═══ Records supplied ═══

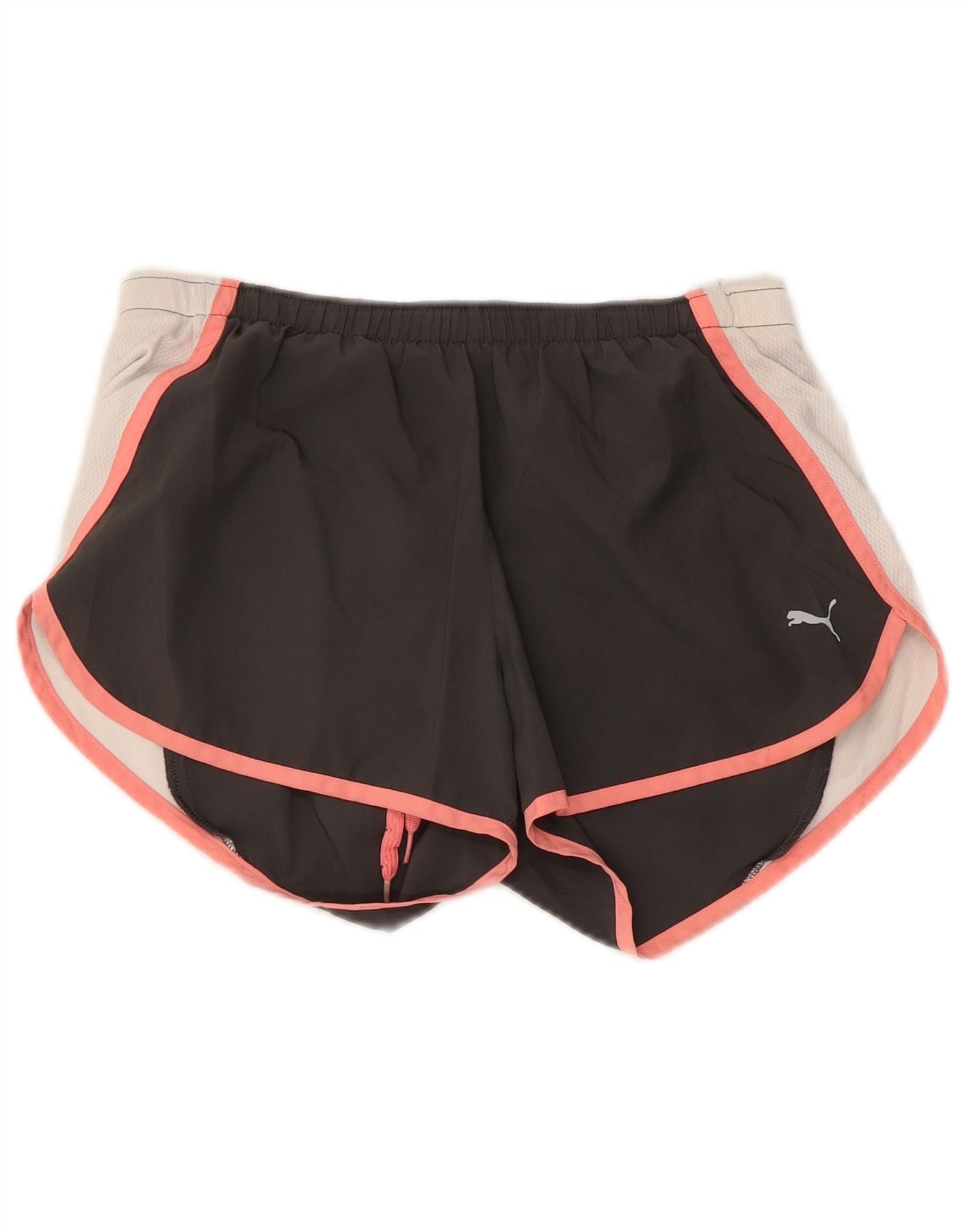 Shorts esportivos femininos PUMA UK 10 pequeno preto colorblock poliéster
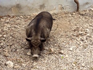 Nous ferons étape en Slovénie, vers Lubljana, à Sostro dans une magnifique cour d’auberge. Le patron élève des chèvres et des cochons noirs pour régaler les clients. Il est nécessaire hélas de réserver. Le voilà qui nous apporte une énorme branche de mirabellier couverte de fruits d’or. On prend ce qu’on veut et on jette tout le reste, bois compris, aux animaux ! Aussitôt dit, aussitôt fait !
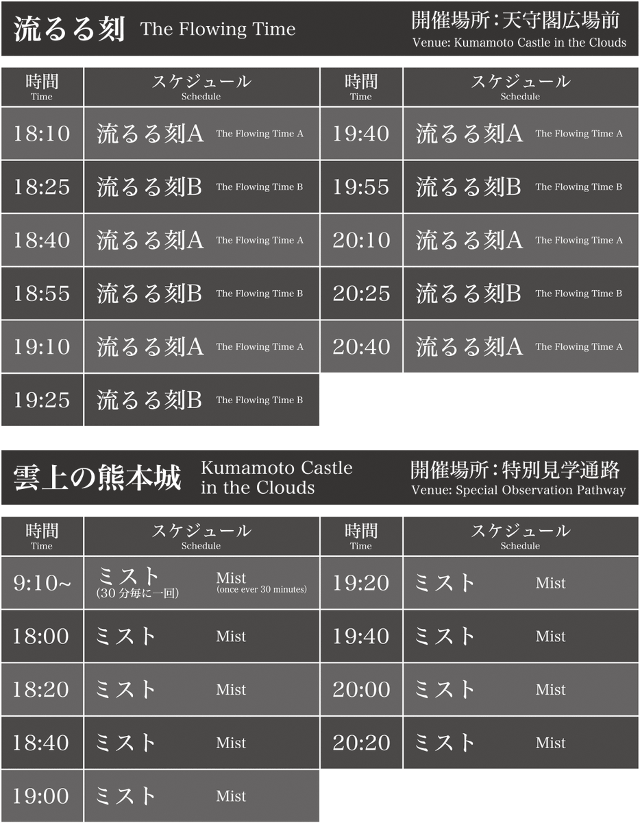 【秋のくまもとお城まつりタイムスケジュール⏱】 夜火夜火 流るる燈・雲上の熊本城のタイムスケジュールを公開します☝️ お越しの際はこちらをご確認ください~!!
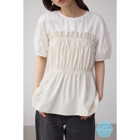 ■C/T撥水ビスチェドッキングトップス■ポイント機能性を兼ね備えた素材を使用しているので、暑い夏やアクティブなシーンで大活躍。撥水素材・UVカット・イージーケアの機能付き。※布帛部分がのみが機能素材となっています。■ディティールウエストが細く見えるビスチェデザイン。着丈を長めに設定しているので、細身のボトムスと合わせても安心して着用できます。袖は二の腕が気にならないパフスリーブデザイン。重ね着風のデザインなので、インナーにも困りません。■スタイリング同素材の250ISB31-517F C/T撥水タックワイドパンツ、250ISB31-518F C/T撥水バルーンギャザースカートと合わせるとモードなスタイリングが完成します。デニムに合わせてカジュアルに着こなすのもおすすめです。■生地カットソーには柔らかなタッチのT/C天竺を使用し、布帛には気流染めした平織りのポリエステルを使用しております。気流染めすることで、ナチュラルな表情になっております。機能性としては、撥水・UVカット・イージーケアを兼ね備えております。透け感:なし裏 地:なし伸縮性:若干光沢感:なし[注意事項]※画像の商品はサンプルです。実際の商品と仕様、加工が若干異なる場合があります。※画像の商品は光の照射や角度、お使いのモニター環境により、実物と色味が異なる場合がございます。※着用、お取り扱いの際は、アテンションタグをご確認ください。
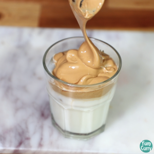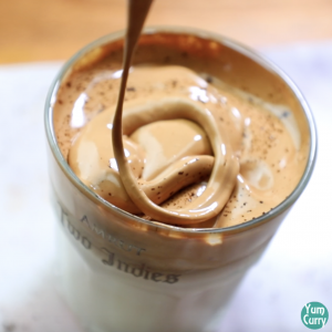 The difference between cold coffee recipe and dalgona is the texture and the use of ice cream. The cold coffee is the blended milk, coffee, ice and ice cream mixture. Dalgona doesn’t contain ice cream in it.
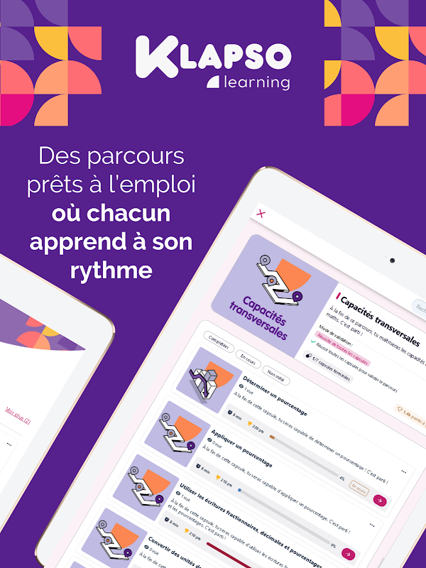 Utilisable sur smartphone, tablette et PC, KLAPSO learning est accessible partout et à tout moment, même hors connexion. Transformez votre façon d'apprendre !
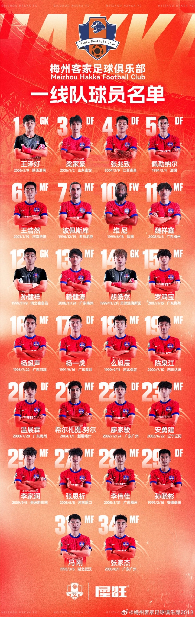 梅州客家新賽季一線隊(duì)名單
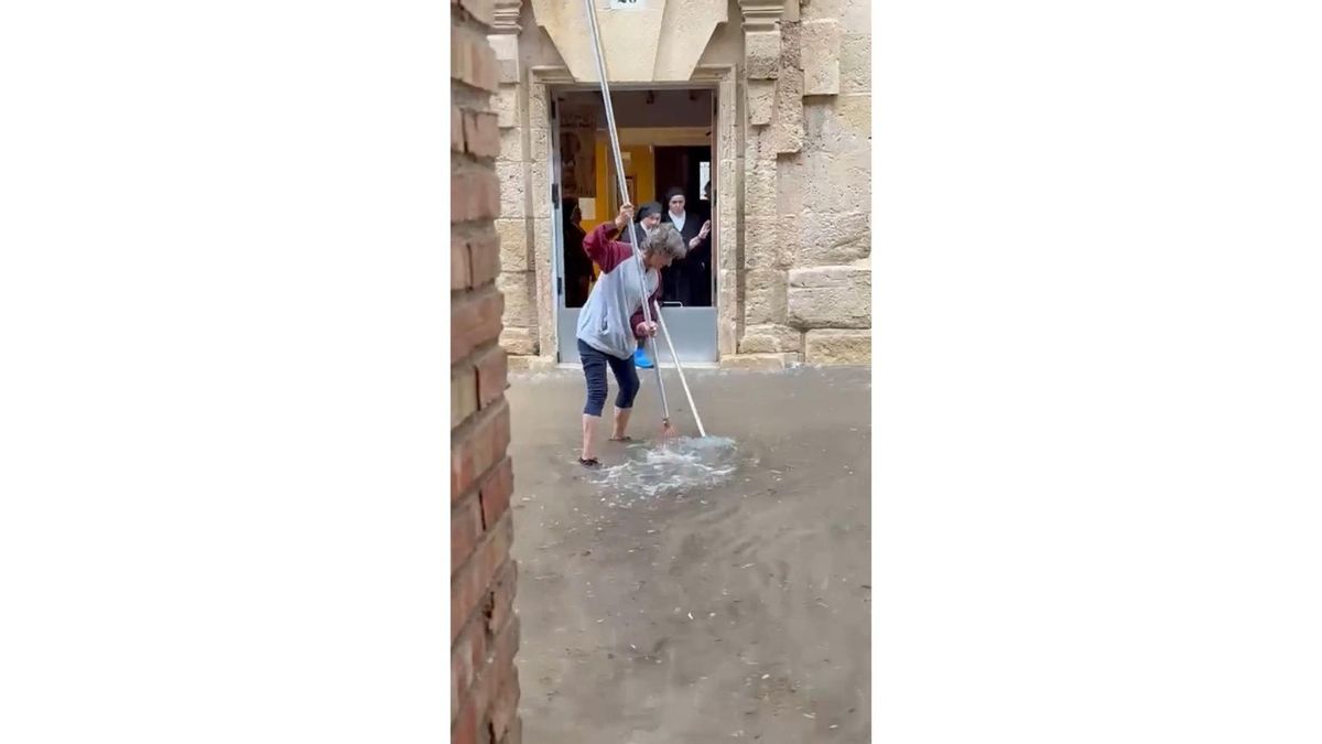 En medio de la emergencia, fueron los vecinos quienes actuaron para evitar que el agua alcanzara el interior del monasterio. «Estábamos a punto de que entrara el agua. Otras veces nosotras mismas hemos tenido que intentar desatascar los desagües con palos largos, como pértigas, pero esta vez han sido los vecinos quienes se han lanzado a ayudarnos», relata sor Irene Estadella, vicaria de la comunidad. «Especialmente la vecina de enfrente se puso a quitar la broza que se acumulaba en el desagüe, aunque por mucho que se limpie, el agua siempre arrastra más restos de los que se pueden retirar», señala.
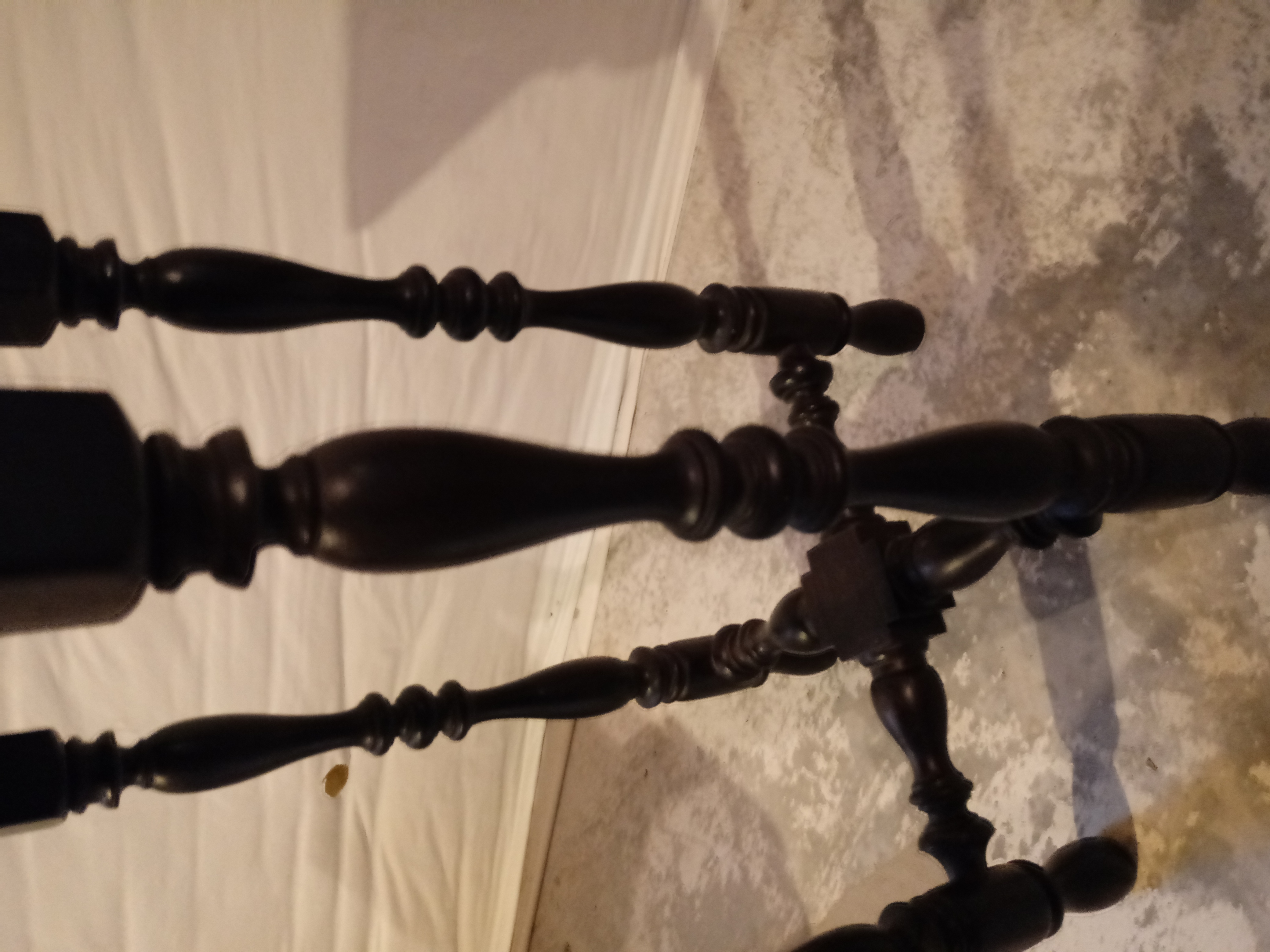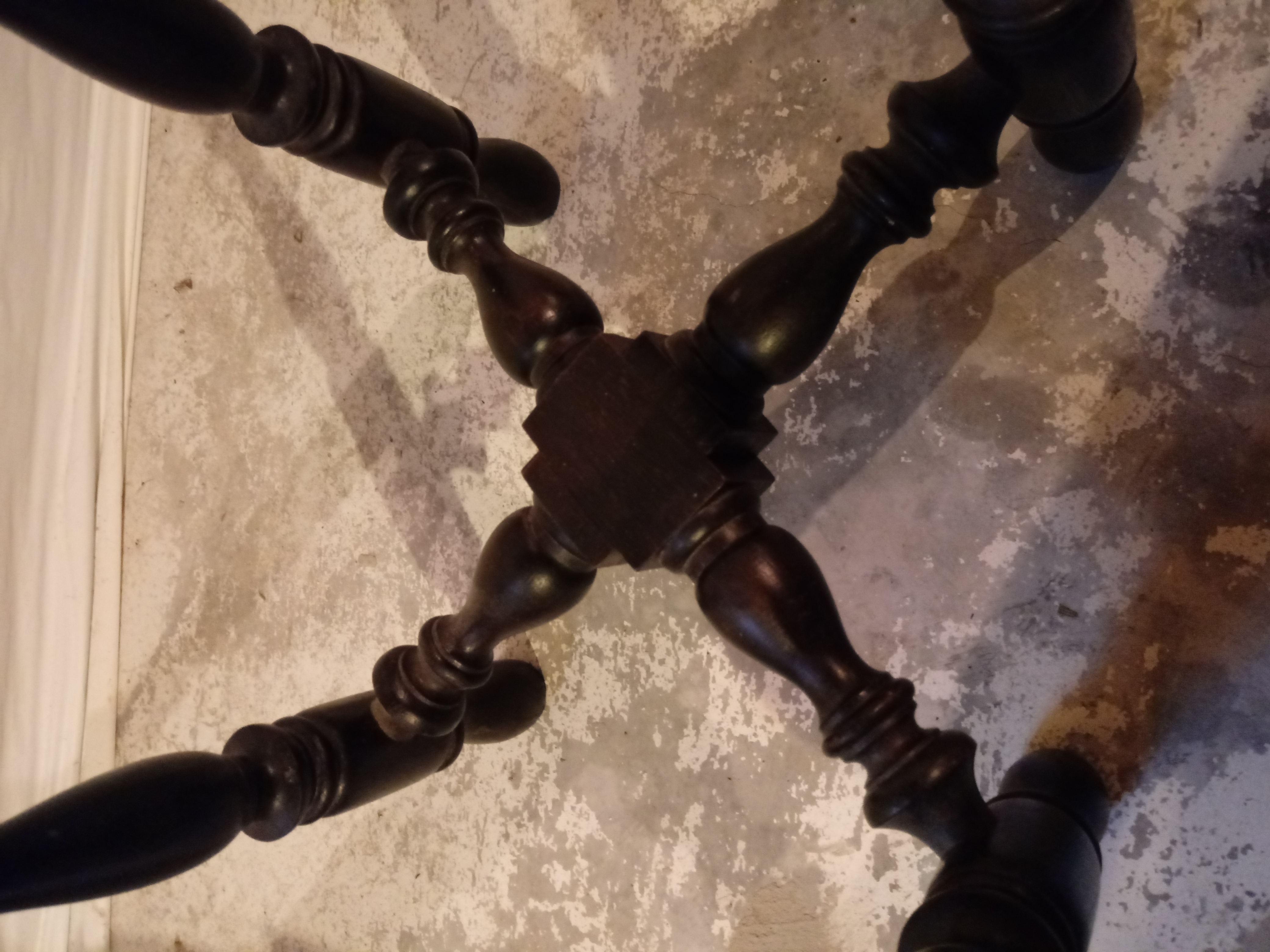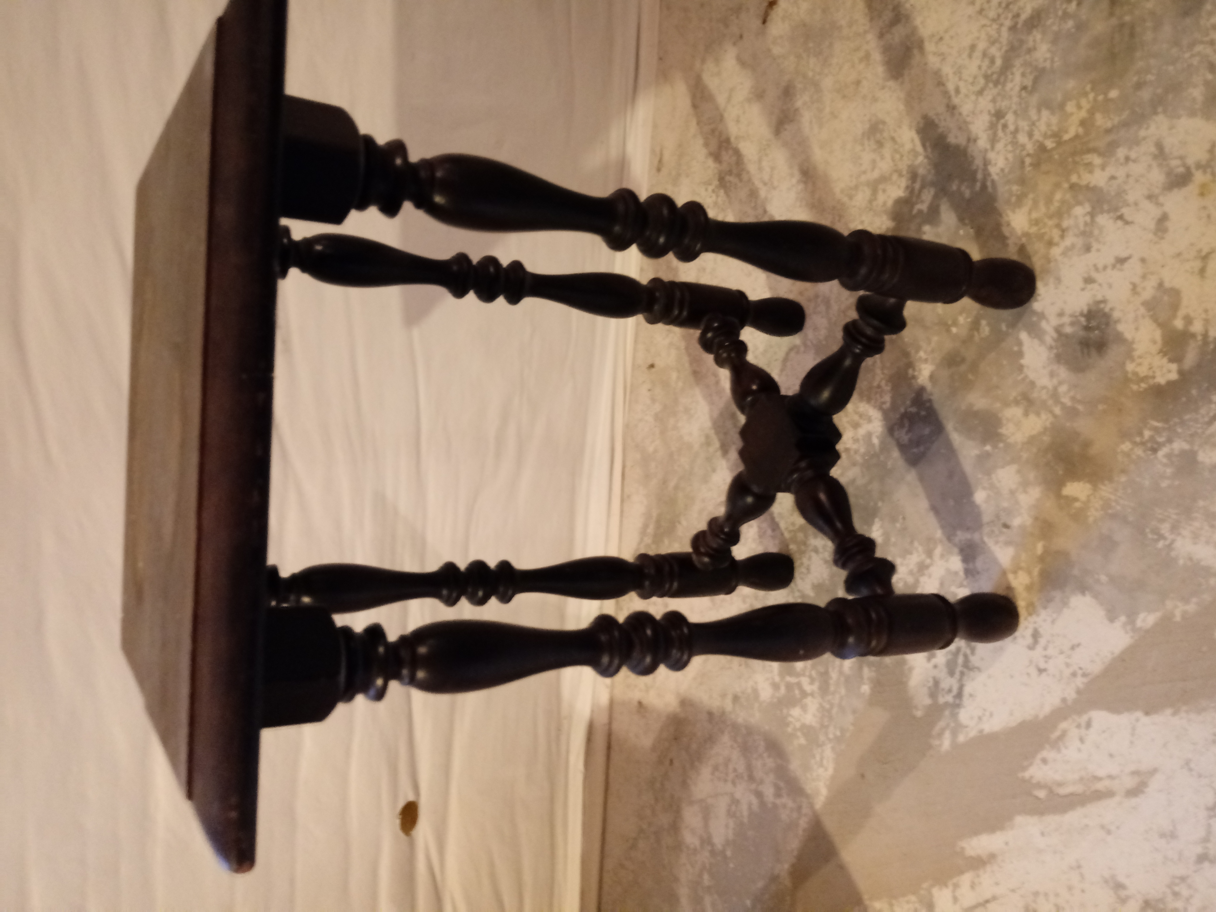 The table has 4 legs and is about 1 foot square. It stands about 2 feet high. At the bottom of the legs there is a decorative stability (?) piece, attaching all legs together. That piece and the legs are turned. It is very simple but very pretty.

═══

Task details - Copy every record verbatim while leaving each picture out.

Solved exercise -
 Shorts esportivos femininos PUMA UK 10 pequeno preto colorblock poliéster
 Nous ferons étape en Slovénie, vers Lubljana, à Sostro dans une magnifique cour d’auberge. Le patron élève des chèvres et des cochons noirs pour régaler les clients. Il est nécessaire hélas de réserver. Le voilà qui nous apporte une énorme branche de mirabellier couverte de fruits d’or. On prend ce qu’on veut et on jette tout le reste, bois compris, aux animaux ! Aussitôt dit, aussitôt fait !
 【秋のくまもとお城まつりタイムスケジュール⏱】 夜火夜火 流るる燈・雲上の熊本城のタイムスケジュールを公開します☝️ お越しの際はこちらをご確認ください~!!
 ■C/T撥水ビスチェドッキングトップス■ポイント機能性を兼ね備えた素材を使用しているので、暑い夏やアクティブなシーンで大活躍。撥水素材・UVカット・イージーケアの機能付き。※布帛部分がのみが機能素材となっています。■ディティールウエストが細く見えるビスチェデザイン。着丈を長めに設定しているので、細身のボトムスと合わせても安心して着用できます。袖は二の腕が気にならないパフスリーブデザイン。重ね着風のデザインなので、インナーにも困りません。■スタイリング同素材の250ISB31-517F C/T撥水タックワイドパンツ、250ISB31-518F C/T撥水バルーンギャザースカートと合わせるとモードなスタイリングが完成します。デニムに合わせてカジュアルに着こなすのもおすすめです。■生地カットソーには柔らかなタッチのT/C天竺を使用し、布帛には気流染めした平織りのポリエステルを使用しております。気流染めすることで、ナチュラルな表情になっております。機能性としては、撥水・UVカット・イージーケアを兼ね備えております。透け感:なし裏 地:なし伸縮性:若干光沢感:なし[注意事項]※画像の商品はサンプルです。実際の商品と仕様、加工が若干異なる場合があります。※画像の商品は光の照射や角度、お使いのモニター環境により、実物と色味が異なる場合がございます。※着用、お取り扱いの際は、アテンションタグをご確認ください。
 The difference between cold coffee recipe and dalgona is the texture and the use of ice cream. The cold coffee is the blended milk, coffee, ice and ice cream mixture. Dalgona doesn’t contain ice cream in it.
 Utilisable sur smartphone, tablette et PC, KLAPSO learning est accessible partout et à tout moment, même hors connexion. Transformez votre façon d'apprendre !
 梅州客家新賽季一線隊(duì)名單
 En medio de la emergencia, fueron los vecinos quienes actuaron para evitar que el agua alcanzara el interior del monasterio. «Estábamos a punto de que entrara el agua. Otras veces nosotras mismas hemos tenido que intentar desatascar los desagües con palos largos, como pértigas, pero esta vez han sido los vecinos quienes se han lanzado a ayudarnos», relata sor Irene Estadella, vicaria de la comunidad. «Especialmente la vecina de enfrente se puso a quitar la broza que se acumulaba en el desagüe, aunque por mucho que se limpie, el agua siempre arrastra más restos de los que se pueden retirar», señala.
 The table has 4 legs and is about 1 foot square. It stands about 2 feet high. At the bottom of the legs there is a decorative stability (?) piece, attaching all legs together. That piece and the legs are turned. It is very simple but very pretty.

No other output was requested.